=== Provided material ===
BEGIN

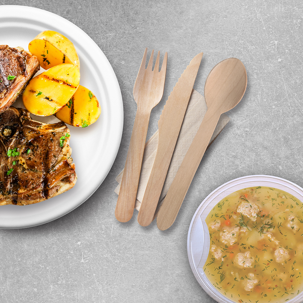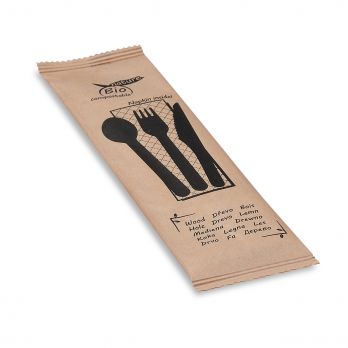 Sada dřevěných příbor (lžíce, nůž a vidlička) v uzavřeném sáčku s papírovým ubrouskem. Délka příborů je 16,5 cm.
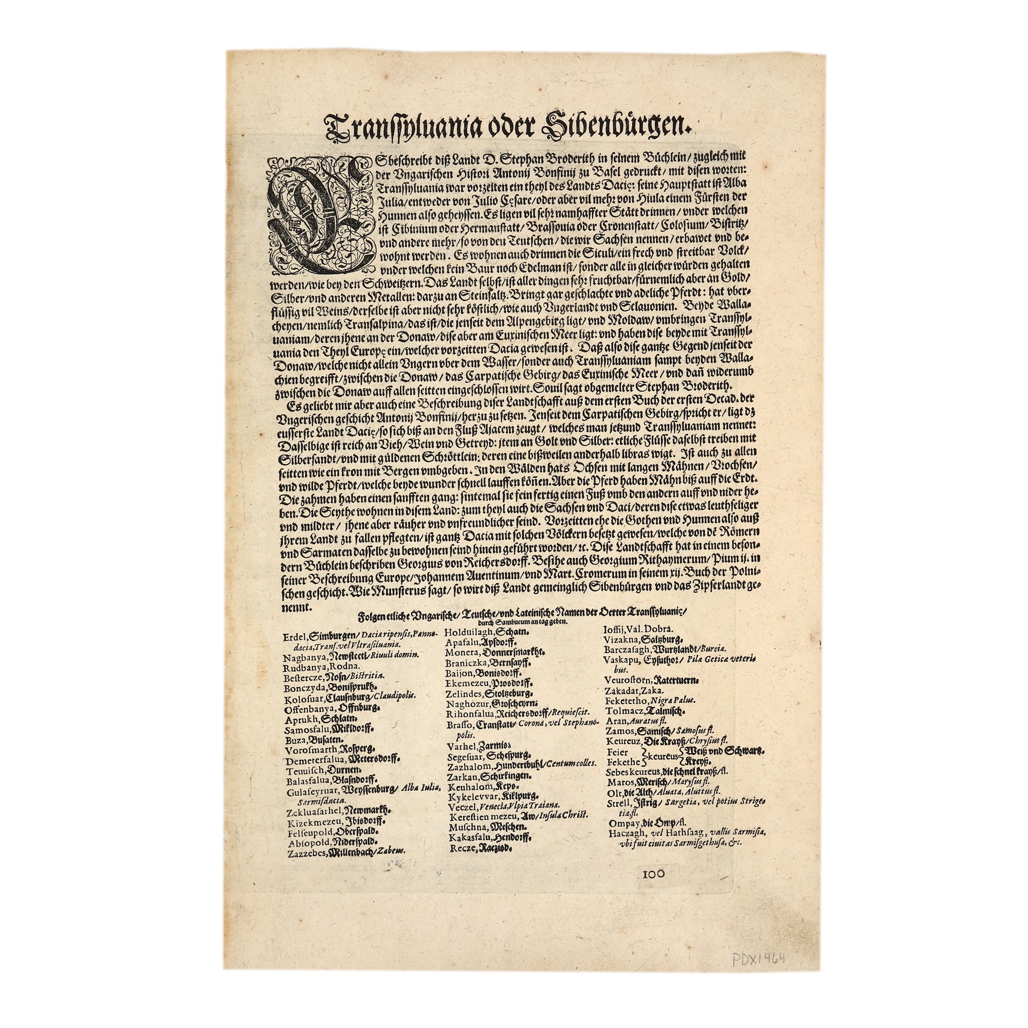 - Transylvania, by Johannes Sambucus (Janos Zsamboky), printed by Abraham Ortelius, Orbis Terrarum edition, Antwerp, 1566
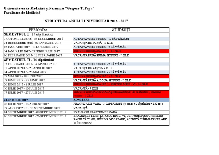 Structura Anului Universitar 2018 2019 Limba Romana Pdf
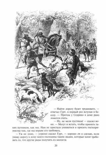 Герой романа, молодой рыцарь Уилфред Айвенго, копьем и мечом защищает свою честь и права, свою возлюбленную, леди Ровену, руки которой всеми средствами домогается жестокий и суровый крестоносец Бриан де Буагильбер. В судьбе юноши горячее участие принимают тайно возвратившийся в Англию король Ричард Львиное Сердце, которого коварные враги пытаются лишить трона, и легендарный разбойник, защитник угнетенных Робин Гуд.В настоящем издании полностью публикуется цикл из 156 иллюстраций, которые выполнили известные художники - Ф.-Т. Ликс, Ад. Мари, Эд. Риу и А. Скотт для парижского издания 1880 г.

END

=== Task details ===
Only the pictures stay out; everything else in the listing above must be repeated exactly.

=== Answer area ===
 Sada dřevěných příbor (lžíce, nůž a vidlička) v uzavřeném sáčku s papírovým ubrouskem. Délka příborů je 16,5 cm.
 - Transylvania, by Johannes Sambucus (Janos Zsamboky), printed by Abraham Ortelius, Orbis Terrarum edition, Antwerp, 1566
 Structura Anului Universitar 2018 2019 Limba Romana Pdf
 Герой романа, молодой рыцарь Уилфред Айвенго, копьем и мечом защищает свою честь и права, свою возлюбленную, леди Ровену, руки которой всеми средствами домогается жестокий и суровый крестоносец Бриан де Буагильбер. В судьбе юноши горячее участие принимают тайно возвратившийся в Англию король Ричард Львиное Сердце, которого коварные враги пытаются лишить трона, и легендарный разбойник, защитник угнетенных Робин Гуд.В настоящем издании полностью публикуется цикл из 156 иллюстраций, которые выполнили известные художники - Ф.-Т. Ликс, Ад. Мари, Эд. Риу и А. Скотт для парижского издания 1880 г.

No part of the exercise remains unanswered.